### EXERCISE DATA
-- Opening Marker --

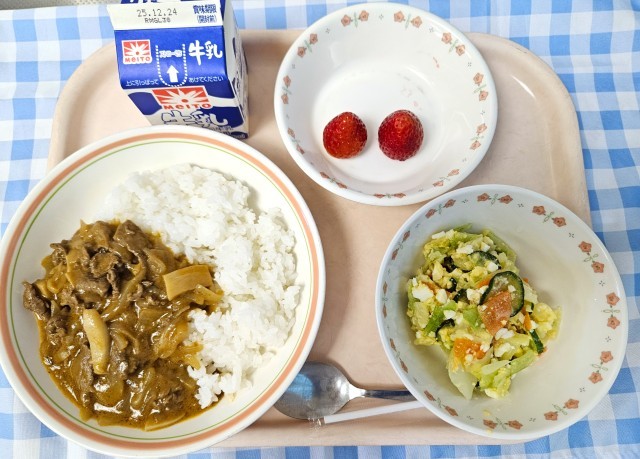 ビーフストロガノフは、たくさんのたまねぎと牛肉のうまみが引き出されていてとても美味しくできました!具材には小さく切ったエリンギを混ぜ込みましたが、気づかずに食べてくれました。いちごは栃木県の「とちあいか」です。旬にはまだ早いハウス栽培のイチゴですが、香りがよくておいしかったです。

-- Closing Marker --
-- Opening Marker --

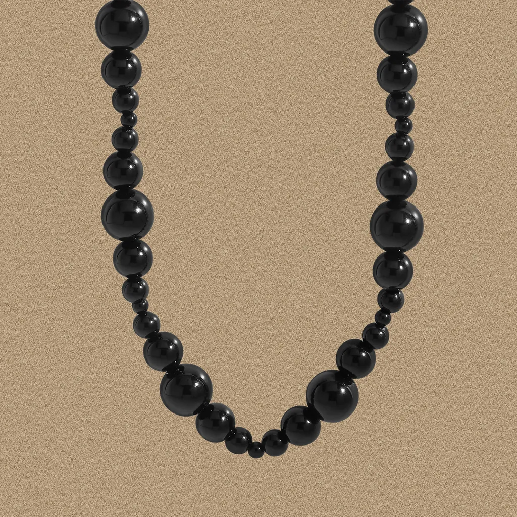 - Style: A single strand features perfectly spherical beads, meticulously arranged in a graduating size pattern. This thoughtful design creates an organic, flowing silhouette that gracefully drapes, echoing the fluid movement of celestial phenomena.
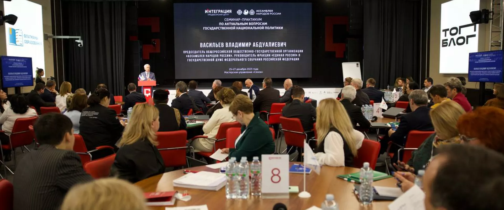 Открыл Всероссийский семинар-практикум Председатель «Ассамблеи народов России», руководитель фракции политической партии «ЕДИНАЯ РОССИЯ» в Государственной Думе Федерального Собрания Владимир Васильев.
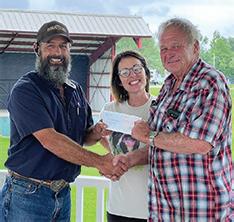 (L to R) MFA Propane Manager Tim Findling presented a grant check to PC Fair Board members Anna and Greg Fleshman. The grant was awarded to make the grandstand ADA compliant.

-- Closing Marker --
-- Opening Marker --

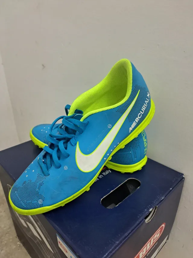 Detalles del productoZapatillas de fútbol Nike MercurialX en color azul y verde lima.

-- Closing Marker --

### PROBLEM TO SOLVE
Reproduce, exactly and only, the lines of the records above starting at the line with "- Style: A single" and ending at the line with "(L to R) MFA", both included. Leave every picture out.

### SOLUTION
 - Style: A single strand features perfectly spherical beads, meticulously arranged in a graduating size pattern. This thoughtful design creates an organic, flowing silhouette that gracefully drapes, echoing the fluid movement of celestial phenomena.
 Открыл Всероссийский семинар-практикум Председатель «Ассамблеи народов России», руководитель фракции политической партии «ЕДИНАЯ РОССИЯ» в Государственной Думе Федерального Собрания Владимир Васильев.
 (L to R) MFA Propane Manager Tim Findling presented a grant check to PC Fair Board members Anna and Greg Fleshman. The grant was awarded to make the grandstand ADA compliant.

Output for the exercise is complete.